My mum has never chosen ds's shoes, she wouldn't dream of it. But she does get a bit miffed if I go out and buy them myself. Winter coats are another one. She always wants to buy his winter coat (not choose, pay for) - again, I suppose potentially expensive purchase and a tradition in her family that this was something that grandparents bought to give financial support.

exoticfruits · 18/05/2011 14:59

Sorry. After 14 years and 3 DC, the idea of turning down anyone offering to pay for shoes is highly comic. Trying to imagine it.....nope, can't!

I have the same problem! Do you realise you are turning down lots of offers of shoe buying in the future for one experience which will onl be altered by having an extra person in tow?
I presume that she doesn't intend to go alone and choose them?

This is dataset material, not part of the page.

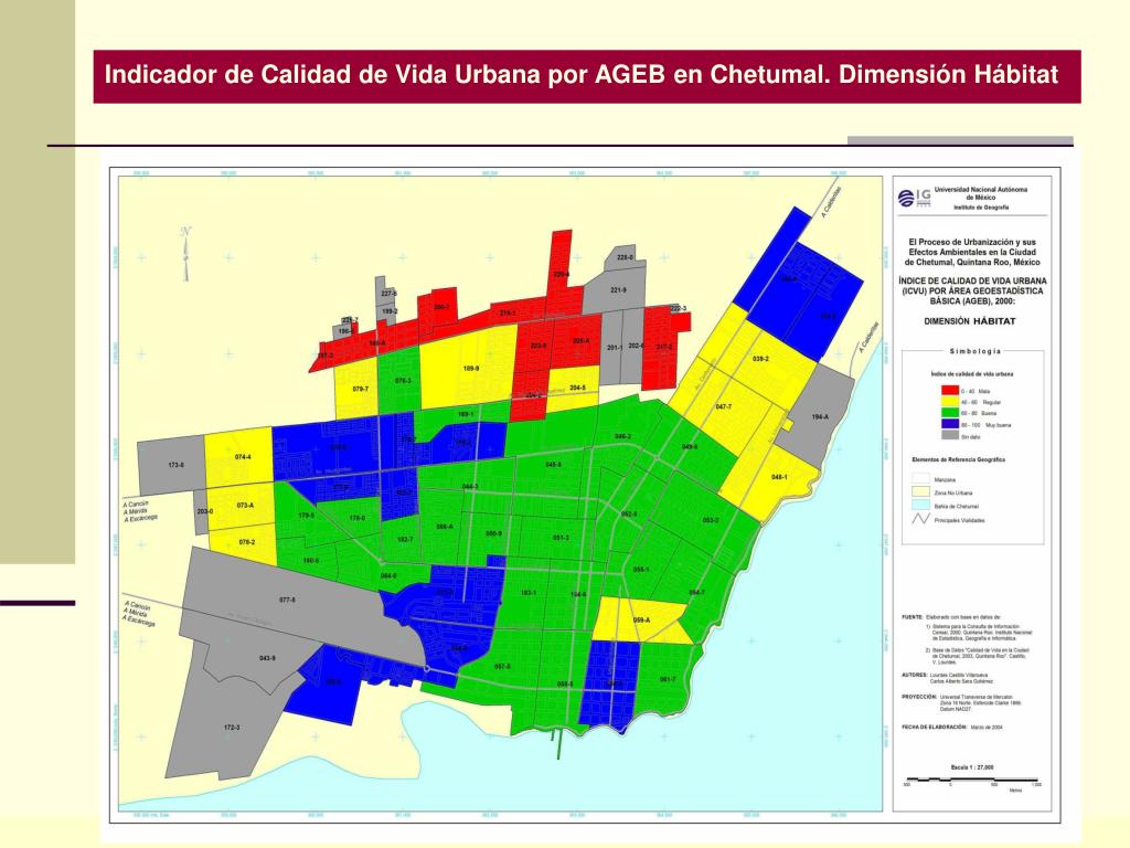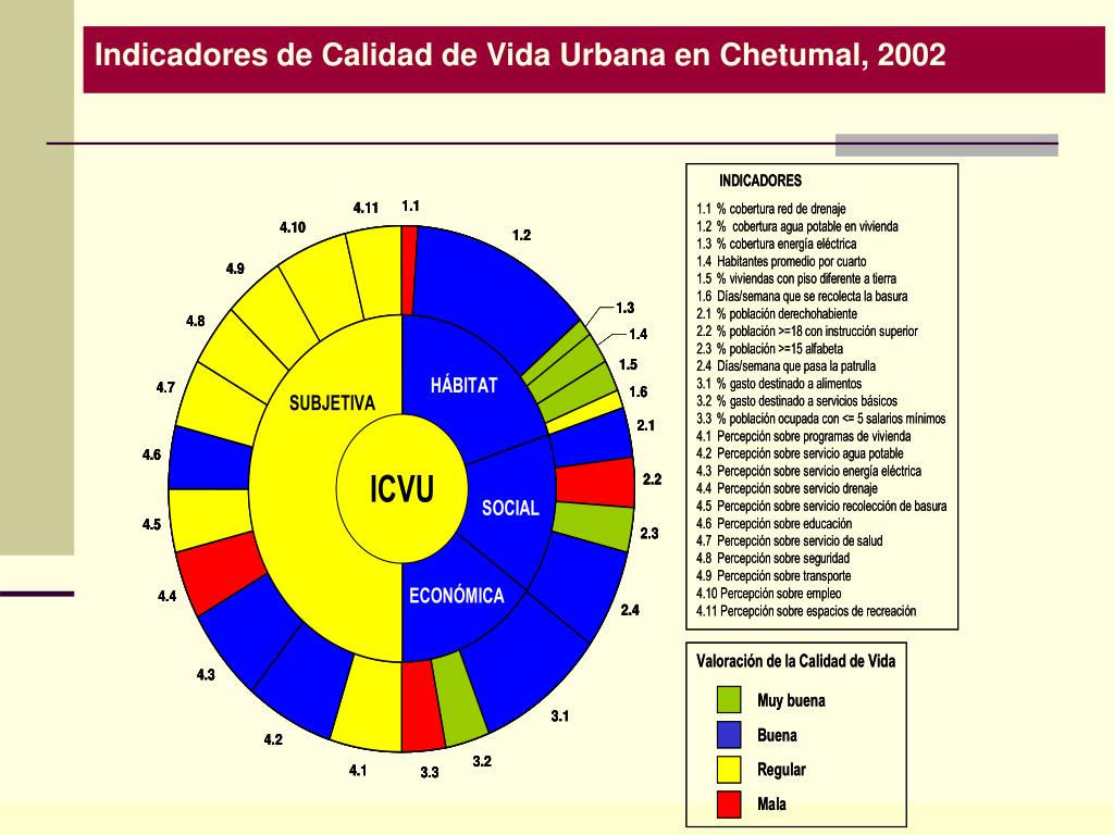 Indicador de calidad de vida aplicado a Chetumal • Datos 2000 de INEGI. • Encuesta aplicada en 2002 a una muestra de 470 viviendas. • Se calcularon 24 indicadores simples, 4 indicadores (uno por dimensión) y un indicador general de calidad de vida urbana.

nometime · 18/05/2011 14:59

My mum always buys my boys' shoes - it's become a tradition. She takes them to the shoe shop (I do get to go along too!!) and she then pays the rather large bill too. I am very grateful - they are her grandsons and she is a big part of their lives.

By the time your DC is five you will be so grateful for somebody offering to pay the bill - hope she offers again!

suzikettles · 18/05/2011 14:59

School uniform - that's another one that my mum wants to pay for. She'll be gutted that we have no intention of getting him a blazer Grin.

sunshineatlast · 18/05/2011 15:00

I had this with my mum and in the end I gave in because it meant so much to her.

It really annoyed me at the time but we went to her local shoeshop and let her buy our ds his first pair of shoes. It made her so happy and Im glad we did because she died when he was 3.

You get so many firsts with your childen, its easy to forget to share one or two with the grandparents.

smithster · 18/05/2011 15:01

OK everyone - I get the message - much grovelling to be done - thank you for your input! :)

OP posts:
ClipArt · 18/05/2011 15:03

YANBU. If you feel it's a special milestone that you'd like to deal with yourself, there's nothing wrong with that :) It may be that on the tenth pair of shoes you'd be happy for someone else to donate but that's different.

exoticfruits · 18/05/2011 15:31

I am just madly jealous! No one ever offered with me-3 children and more than 14yrs- and I have bought every pair myself!

LyingWitchInTheWardrobe2726 · 18/05/2011 15:34

How about you choose them and MIL pays for them? Make it an occasion together, just you, MIL and DS?

I can understand that it's symbolic, I'd probably feel that way too.